# Homework Help: Calorimetry, calculating for mass

1. Nov 8, 2007

### yoshi-chan7

Hi, here is the problem that I'm having trouble with.

It is desired to cool iron parts from 600°F to 200°F by dropping them into water that is initially at 55°F. Assuming that all the heat from the iron is transferred to the water and that none of the water evaporates, how many kilograms of water are needed per kilogram of iron?

I've used this equation:

mass of iron parts * specific heat of iron * change in temp. of iron parts = mass of water * specific heat of water * change in temp. of water

I first calculated the change in temperature of the iron parts and converted it to degree Celsius by 200F - 600F = 400F and then 400F*(5/9), which yields -222.

I plugged in the values as thus:

m*448 J/(kgC)* -222C = m*4186 J/(kgC)* 222C.

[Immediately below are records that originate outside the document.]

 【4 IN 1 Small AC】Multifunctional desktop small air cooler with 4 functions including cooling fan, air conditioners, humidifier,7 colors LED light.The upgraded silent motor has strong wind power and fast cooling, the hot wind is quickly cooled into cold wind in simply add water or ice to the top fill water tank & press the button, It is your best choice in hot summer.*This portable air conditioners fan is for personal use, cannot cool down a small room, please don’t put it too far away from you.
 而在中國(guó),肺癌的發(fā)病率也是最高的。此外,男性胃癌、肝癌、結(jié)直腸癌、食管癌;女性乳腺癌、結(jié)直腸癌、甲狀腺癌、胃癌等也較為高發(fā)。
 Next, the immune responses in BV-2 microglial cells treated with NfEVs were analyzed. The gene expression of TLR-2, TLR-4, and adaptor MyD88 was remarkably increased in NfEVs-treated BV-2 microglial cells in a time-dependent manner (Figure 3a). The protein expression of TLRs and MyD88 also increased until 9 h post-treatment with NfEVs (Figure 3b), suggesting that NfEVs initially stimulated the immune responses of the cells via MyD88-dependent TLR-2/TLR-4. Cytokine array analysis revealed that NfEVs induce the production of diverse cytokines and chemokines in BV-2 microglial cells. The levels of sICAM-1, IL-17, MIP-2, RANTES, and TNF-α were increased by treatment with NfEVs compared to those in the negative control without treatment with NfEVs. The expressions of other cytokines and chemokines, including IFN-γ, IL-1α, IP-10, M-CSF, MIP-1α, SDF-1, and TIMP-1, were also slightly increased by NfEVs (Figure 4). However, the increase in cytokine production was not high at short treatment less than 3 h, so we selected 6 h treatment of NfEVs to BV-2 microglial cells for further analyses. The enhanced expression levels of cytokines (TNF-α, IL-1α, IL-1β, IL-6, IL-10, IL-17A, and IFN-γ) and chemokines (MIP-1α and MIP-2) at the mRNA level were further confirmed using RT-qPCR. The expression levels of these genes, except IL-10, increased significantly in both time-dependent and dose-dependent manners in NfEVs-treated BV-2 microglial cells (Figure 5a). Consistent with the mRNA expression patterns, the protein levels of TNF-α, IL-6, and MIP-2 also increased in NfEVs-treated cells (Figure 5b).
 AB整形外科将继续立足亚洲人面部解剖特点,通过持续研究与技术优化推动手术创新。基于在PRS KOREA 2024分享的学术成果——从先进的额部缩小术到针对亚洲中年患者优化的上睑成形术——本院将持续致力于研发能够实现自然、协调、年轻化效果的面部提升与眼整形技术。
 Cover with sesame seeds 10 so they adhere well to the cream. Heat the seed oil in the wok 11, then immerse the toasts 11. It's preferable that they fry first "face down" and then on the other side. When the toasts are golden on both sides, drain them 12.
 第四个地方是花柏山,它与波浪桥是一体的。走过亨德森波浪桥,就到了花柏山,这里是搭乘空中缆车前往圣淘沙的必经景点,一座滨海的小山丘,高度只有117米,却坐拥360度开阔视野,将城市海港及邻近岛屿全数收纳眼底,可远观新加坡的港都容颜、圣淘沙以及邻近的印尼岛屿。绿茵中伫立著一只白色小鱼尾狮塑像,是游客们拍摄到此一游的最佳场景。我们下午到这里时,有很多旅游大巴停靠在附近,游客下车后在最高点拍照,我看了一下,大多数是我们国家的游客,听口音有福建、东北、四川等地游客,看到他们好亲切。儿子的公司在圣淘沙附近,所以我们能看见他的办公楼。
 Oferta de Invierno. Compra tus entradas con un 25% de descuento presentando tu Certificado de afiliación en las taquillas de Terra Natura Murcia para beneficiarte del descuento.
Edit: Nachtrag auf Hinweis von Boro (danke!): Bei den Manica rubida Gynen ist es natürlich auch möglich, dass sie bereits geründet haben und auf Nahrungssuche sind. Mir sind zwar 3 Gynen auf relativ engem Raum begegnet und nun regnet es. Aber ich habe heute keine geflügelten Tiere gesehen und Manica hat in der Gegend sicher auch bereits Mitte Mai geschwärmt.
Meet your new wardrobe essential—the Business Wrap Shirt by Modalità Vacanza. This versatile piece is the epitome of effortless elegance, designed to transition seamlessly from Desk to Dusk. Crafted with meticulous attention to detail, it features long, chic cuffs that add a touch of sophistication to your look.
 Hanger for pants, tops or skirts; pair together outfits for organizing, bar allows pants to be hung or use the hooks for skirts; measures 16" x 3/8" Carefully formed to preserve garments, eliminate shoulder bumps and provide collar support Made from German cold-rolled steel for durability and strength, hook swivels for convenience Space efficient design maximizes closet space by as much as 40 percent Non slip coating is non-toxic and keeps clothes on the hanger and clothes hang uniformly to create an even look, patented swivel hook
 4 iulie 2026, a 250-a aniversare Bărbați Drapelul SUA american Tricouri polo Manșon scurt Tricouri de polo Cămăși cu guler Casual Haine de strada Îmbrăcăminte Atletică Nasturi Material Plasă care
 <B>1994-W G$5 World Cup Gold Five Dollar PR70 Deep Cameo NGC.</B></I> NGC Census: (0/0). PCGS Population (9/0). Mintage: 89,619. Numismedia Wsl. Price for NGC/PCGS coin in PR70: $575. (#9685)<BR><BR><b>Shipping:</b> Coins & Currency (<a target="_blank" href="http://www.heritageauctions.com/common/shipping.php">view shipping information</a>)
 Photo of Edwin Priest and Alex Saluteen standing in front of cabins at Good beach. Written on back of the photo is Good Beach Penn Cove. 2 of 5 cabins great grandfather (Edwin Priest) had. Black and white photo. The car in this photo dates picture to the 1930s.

I've got a sneaking suspicion that it's because of the right side of my equation dealing with water. I think that somehow my scale is wrong, the 222C. But if all the heat released by the iron is transferred to the water with no loss, then the scale would be correct, wouldn't it?

2. Nov 8, 2007

### rl.bhat

Heat lost by the iron part = heat gained by the water.
1*448 J/(kgC)* 222C = m*4186 J/(kgC)* 80.6C.

3. Nov 8, 2007

### yoshi-chan7

I don't understand how you got the 80.6C. Could you explain that, please?

4. Nov 8, 2007

### yoshi-chan7

And also, why did the mass of the iron part become merely "1"? Wouldn't the mass be unknown?

5. Nov 9, 2007

### rl.bhat

how many kilograms of water are needed per kilogram of iron?
Initial temperature of water 55F and final teperature of water is 200F
Convert this difference into C

6. Nov 9, 2007

### yoshi-chan7

Thank you very much! I simply forgot to apply the formula for conversion of temperature units for the change in temperature. I understand perfectly now. Thank you~!